Eine andere möglichkeit ist, gerade weil du von Rezeptverwaltung sprichst
einfach alle betreffenden Einträge Selektieren und dann die Nachkomma
stellen auf 3 ändern.


----------



## Shettyman (3 Mai 2010)

Also Multiplizierst du nur die Eingaben vom Panel mit einem Festwert.
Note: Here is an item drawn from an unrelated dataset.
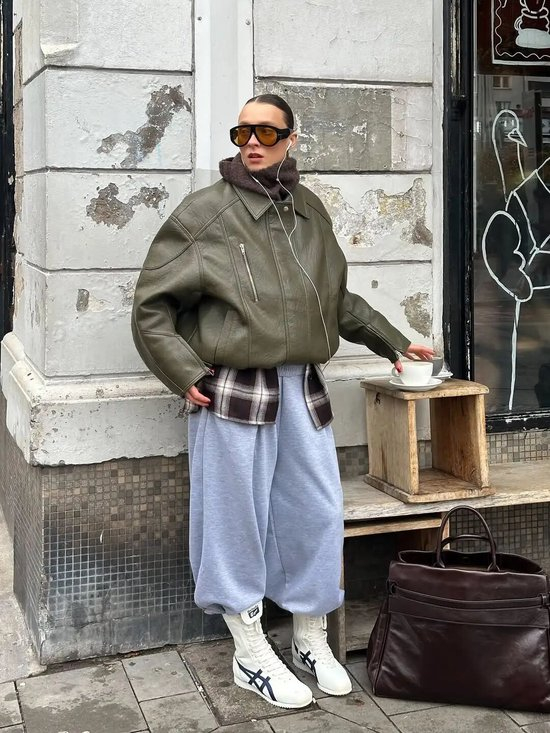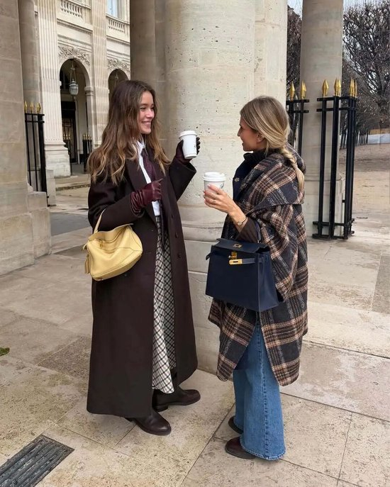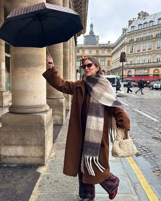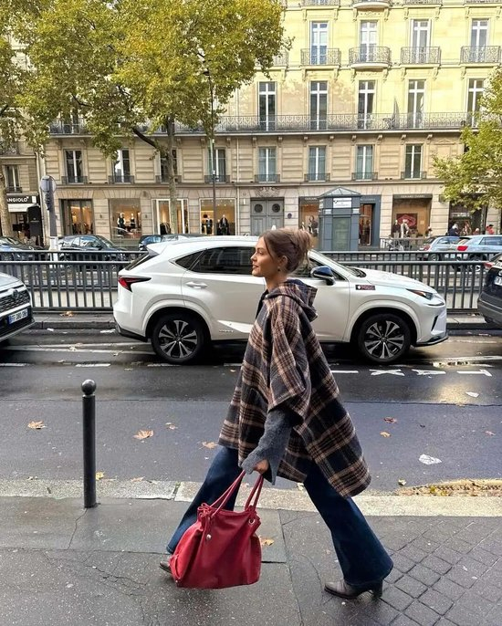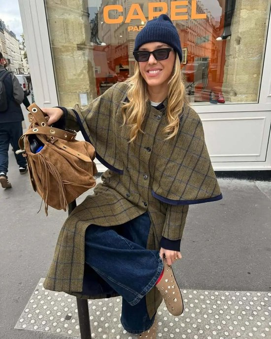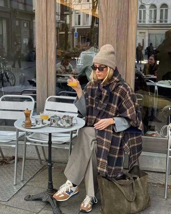 除了经典的大衣板型,今年不少博主穿的是这种斗篷式的格纹外套,衣摆自然垂坠的弧度会更加有复古氛围,搭配窄腿裤或是喇叭裤,慵懒又不失干练。

Eine andere Möglichkeit gibt es da leider nicht oder?
so müsste ich für jede Variable eine Multiplikation machen.
Und das sind wie gesagt ca 20 Zeiten pro Rezept


----------



## Andy79 (3 Mai 2010)

Hallo,

versuch es mal mit der linearen Skalierung. Zu finden bei den HMI-Variablen unter Eigenschaften --> Lineare Skalierung. 
Auf Seite Steuerung bspw. 0-30000 eingeben und auf Seite Bediengerät 0-30 für Eingabe 0-30s am Panel (siehe Screenshot).

Gruß Andy


----------



## rostiger Nagel (3 Mai 2010)

Shettyman schrieb:


> Also Multiplizierst du nur die Eingaben vom Panel mit einem Festwert.
> 
> Eine andere Möglichkeit gibt es da leider nicht oder?


 
Doch die Variabel direkt im Panel Skalieren, unter den Eigenschaften der
Variablen gibt es das Menü Lineare Skallierung.

Siehe Andy 79, im Beitrag #5


----------



## Shettyman (3 Mai 2010)

@ Hartmut:
Wo stelle ich denn in der Rezepturanzeige die Nachkommastellen ein?
Finde da irgendwie kein Feld zu?!


----------



## rostiger Nagel (3 Mai 2010)

da gibt es eine Spalte für Dezimalkommastellen.

PS. nicht Hartmut sondern Helmut, wie die Kanzler die wir mal hatten


----------



## Shettyman (3 Mai 2010)

Ah das ist sehr gut. Vielen Dank an euch alle 

PS: @Helmut: Entschuldigung


----------



## Larry Laffer (3 Mai 2010)

Shettyman schrieb:


> Also Multiplizierst du nur die Eingaben vom Panel mit einem Festwert.
> 
> Eine andere Möglichkeit gibt es da leider nicht oder?


 
Doch - siehe Vorschlag von Andy bzw. auch von Helmut ...
Für das, was ich so mache erschien es mir so am konfortabelsten (immer dem ersten Impuls folgen), da ich auch gerne mal nicht nur einen TIME sondern auch einen S5TIME von der Eingabe mache ...

Gruß
LL


----------



## rostiger Nagel (3 Mai 2010)

hier noch mal ein Screenshot:


----------



## Shettyman (3 Mai 2010)

Jau, Dankeschön


----------